Ernino D'Agostino (6 October 1960 – 4 November 2015) was an Italian politician who served as president of the Province of Teramo from 2004 to 2009.

==Life and career==
Born in Caracas to an Italian-Venezuelan family, D'Agostino entered politics in Teramo, where he was elected to the City Council as a member of the Italian Communist Party in 1985 and subsequently re-elected. He later became provincial secretary of the Democrats of the Left.

In 2004, D'Agostino was elected president of the Province of Teramo, representing the centre-left coalition.
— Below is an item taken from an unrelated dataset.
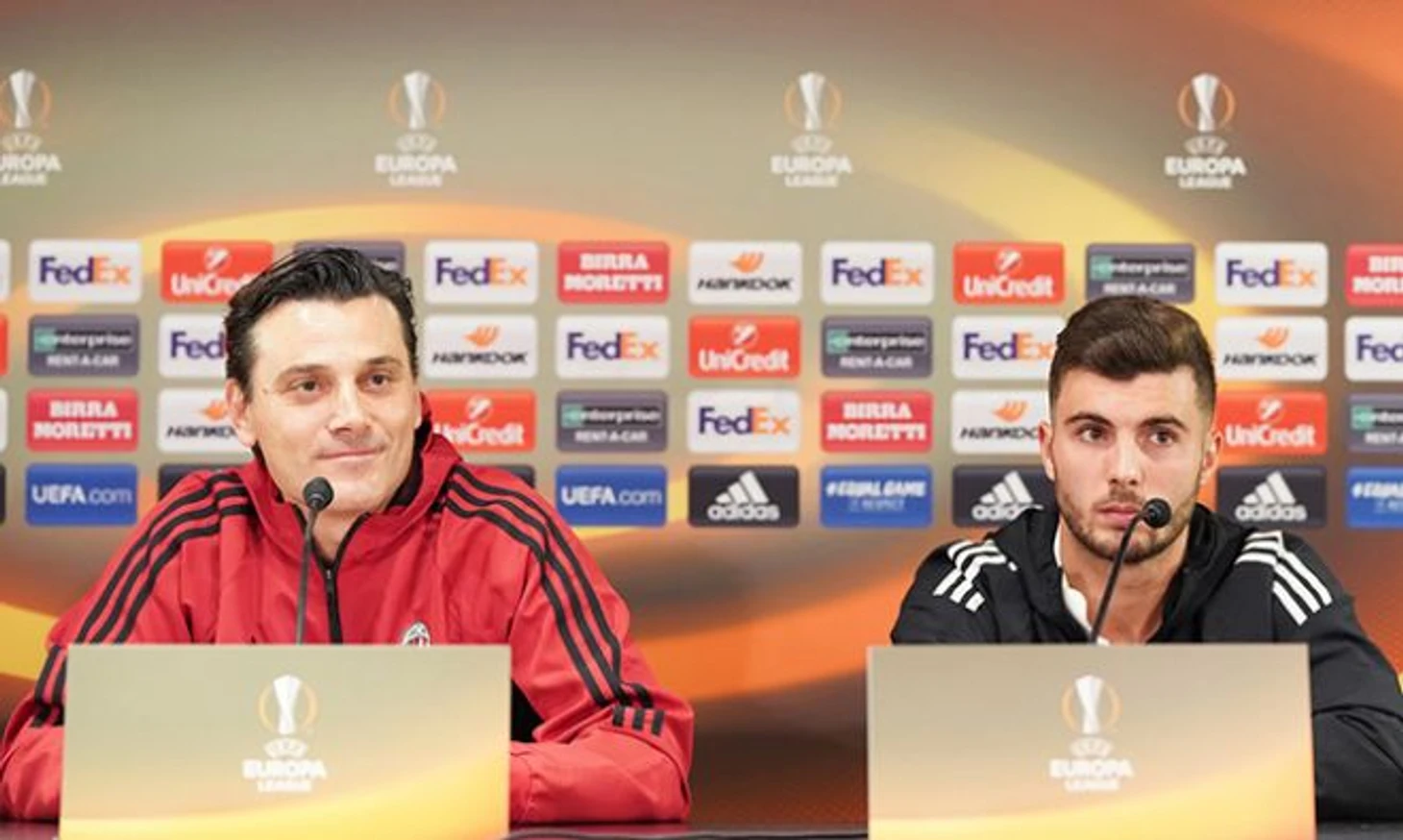 Алленаторе «Милана» Винченцо Монтелла и форвард Патрик Кутроне приняли участие в пресс-конференции накануне домашнего поединка против «АЕКа» в Лиге Европы.

He stood for re-election in 2009 with the Democratic Party, but was defeated by candidate Valter Catarra of the People of Freedom.

After leaving public office, D'Agostino became involved with the National Union of Tenants (SUNIA) and Federconsumatori, where he campaigned on behalf of small shareholders affected by the collapse of the local bank Tercas.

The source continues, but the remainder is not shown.